The following takes place between the hours of 5 A.M. and 6 A.M. Pacific Daylight Time
5:01:01 A.M. PDT
Atwater Village, Los Angeles
Jack Bauer gazed at Utopia, or so the sign proclaimed. But beyond the vacant security gate and tattered chain link fence, Bauer saw only an expanse of pitted asphalt abutting an interconnected cluster of ugly, graffiti-stained concrete block buildings.
Squinting through a telescopic imager, Jack scanned the shuttered loading docks and steel doors, the windows boarded up tight. He double-checked one particular entrance, with the number 9 painted on its flat steel door. Then he tucked the tiny device into a sheath on his night-black assault suit. Now that the sun was creeping above the horizon, he no longer required the imager's thermal or light-enhancing capabilities to pierce the gloom.

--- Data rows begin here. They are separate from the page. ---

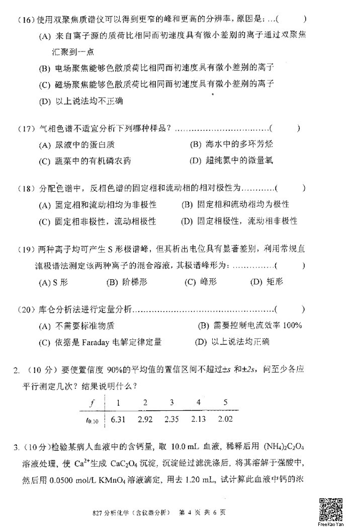 2011年厦门大学分析化学(含仪器分析)827考研真题(4)
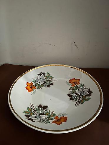 - Dərin servis boşqabı: ağ fon, qızılı haşiyə, dörd tərəfdə narıncı-ağ çiçək buketləri. Salat, meyvə və ya isti yeməklərin təqdimatı üçün yararlıdır.
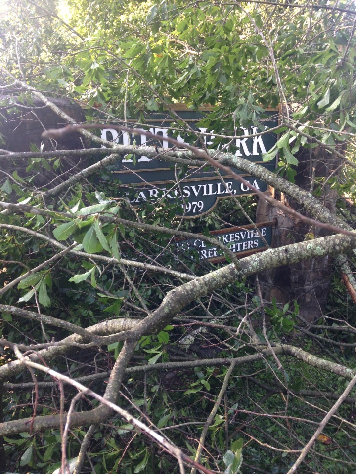 Jeremy Garmon, Clarkesville’s Public Service Superintendent, said his crews have been busy removing a large number of trees from roadways since yesterday afternoon, following the storm. “We haven’t stopped. I haven’t heard of any injuries. It’ll be awhile before we can take care of the downed trees at Pitts Park, though.”
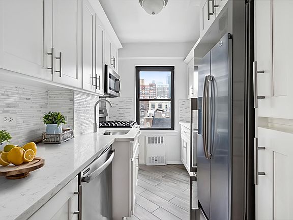 This renovated one-bedroom (or convertible two-bedroom) home features a spacious living and dining area, along with a beautifully updated kitchen complete with stainless steel appliances, including a dishwasher. The generous king-sized bedroom enjoys double exposure, and the bathroom has been tastefully updated as well.
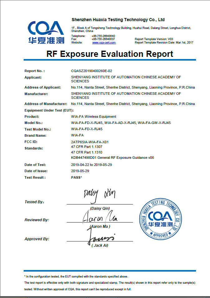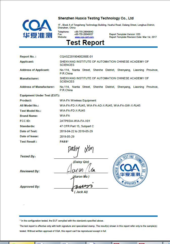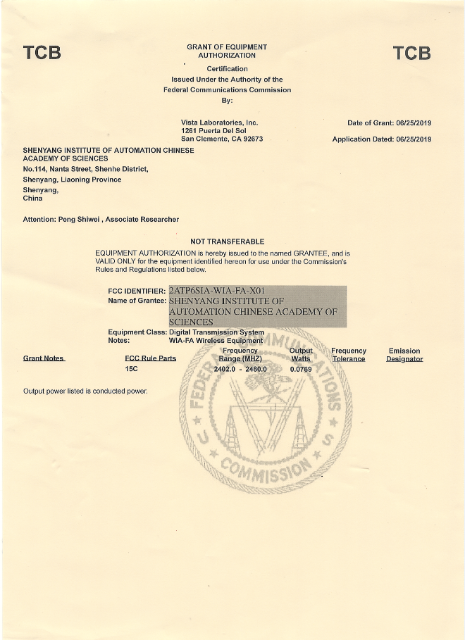 近日,由中國科學院沈陽自動化研究所開發(fā)的面向工廠自動化應(yīng)用的高實時、高可靠無線通信網(wǎng)絡(luò)產(chǎn)品WIA-FA,順利通過美國FCC(Federal Communications Commission,美國聯(lián)邦通信委員會)認證并獲得證書。
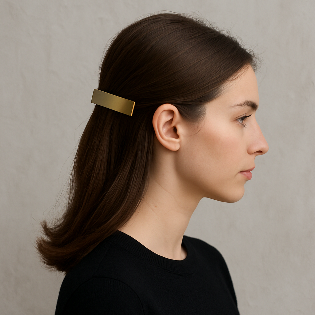 A slim rectangular barrette in brushed gold can transform a simple half-up style into something boardroom-ready. The clasp mechanism stays hidden while the sleek top surface becomes a subtle statement piece. Look for designs without excessive embellishment or cutesy shapes.
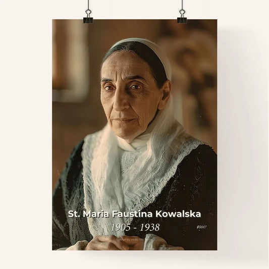 Exquisite Portrait of St. Maria Faustina Kowalska: A Timeless Tribute in Monochrome for Home Decor and Meaningful Gifts

Sprawled on his belly atop a rocky brown rise that separated Utopia from another dusty industrial park, Jack lowered his head behind a clump of scrub-grass and adjusted the assault rifle in the Velcro zip holster strapped across his back. He had arrived at his position hours before, moving into place along with five members of Chet Blackburn's CTU assault team, now scattered and invisible among the rocks and low hills around him. Though Jack could not see them, he knew another tactical squad from the Drug Enforcement Agency lurked in the bluffs on the opposite side of the complex. When the signal came, the two assault teams would converge on the buildings in a coordinated two-pronged attack.

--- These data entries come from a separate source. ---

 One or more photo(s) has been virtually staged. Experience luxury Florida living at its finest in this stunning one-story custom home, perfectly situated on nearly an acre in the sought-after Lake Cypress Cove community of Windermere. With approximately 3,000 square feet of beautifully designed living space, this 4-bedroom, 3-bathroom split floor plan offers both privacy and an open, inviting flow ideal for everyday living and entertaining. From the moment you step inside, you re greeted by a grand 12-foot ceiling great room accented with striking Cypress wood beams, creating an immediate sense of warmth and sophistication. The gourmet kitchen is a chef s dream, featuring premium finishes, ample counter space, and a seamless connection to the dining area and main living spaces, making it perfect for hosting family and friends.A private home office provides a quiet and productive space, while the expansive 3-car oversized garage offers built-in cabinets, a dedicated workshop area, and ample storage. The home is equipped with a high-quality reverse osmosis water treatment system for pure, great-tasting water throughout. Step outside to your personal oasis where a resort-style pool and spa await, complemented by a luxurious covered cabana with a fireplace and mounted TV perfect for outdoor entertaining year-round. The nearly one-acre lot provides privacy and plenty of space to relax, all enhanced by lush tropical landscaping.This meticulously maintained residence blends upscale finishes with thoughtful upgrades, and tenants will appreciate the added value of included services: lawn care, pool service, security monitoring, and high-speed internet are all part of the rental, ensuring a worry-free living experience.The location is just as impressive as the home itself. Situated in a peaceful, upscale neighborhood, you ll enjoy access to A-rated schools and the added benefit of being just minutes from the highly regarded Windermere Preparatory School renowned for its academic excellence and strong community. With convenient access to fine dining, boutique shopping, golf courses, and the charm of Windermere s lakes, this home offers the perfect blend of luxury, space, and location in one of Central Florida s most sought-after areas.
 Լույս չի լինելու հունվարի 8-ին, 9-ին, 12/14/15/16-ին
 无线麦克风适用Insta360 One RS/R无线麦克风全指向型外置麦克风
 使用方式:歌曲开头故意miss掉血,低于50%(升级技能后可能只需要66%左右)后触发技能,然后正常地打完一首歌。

In the dead of the hot dry night, the tactical units had converged to surround the supposedly abandoned production studio, unseen and undetected by those inside. Then they waited until the sun was a hot yellow ball surrounded by hazy dust, until the arrival of the big fish both agencies were hoping to scoop up in their net.
Jack shifted position, clenching and unclenching his sweaty hands, stretching his sleepy arms and legs, always careful not to expose his position. He moved a stone that had been chafing him, rubbed his sore neck. Compared to his days as a member of Delta Force, this was not a particularly unpleasant mission. In the line of duty Jack had experienced far worse things than watching the Southern California sun rise from a quiet bluff. Perhaps it was merely his age that made his joints ache, his muscles stiff from inactivity. Perhaps creeping old age also explained why, as zero hour approached, Jack felt an uncharacteristic edginess, an impatience as he waited for the signal to move.
Or perhaps it was the fact that Jack Bauer had to wait for that command, just like everyone else. Working in tandem with the DEA was not part of Bauer's job description, nor did he appreciate taking orders from others. That's why, when Ryan first handed him this assignment weeks ago, Jack refused it. Chappelle didn't seemed surprised by Bauer's reaction; rather he advised Jack to look first, then decide.
"Go to the briefing this afternoon," Ryan said. "Listen to what the DEA has to say. It may change your mind."
To Jack's surprise, his mind was changed after the DEA briefed him and other select members of the intelligence community about the dangers of Karma, a potent new drug poised to hit the streets of America, a narcotic that had the potential to make the crack epidemic of the 1980s look like an ice cream party.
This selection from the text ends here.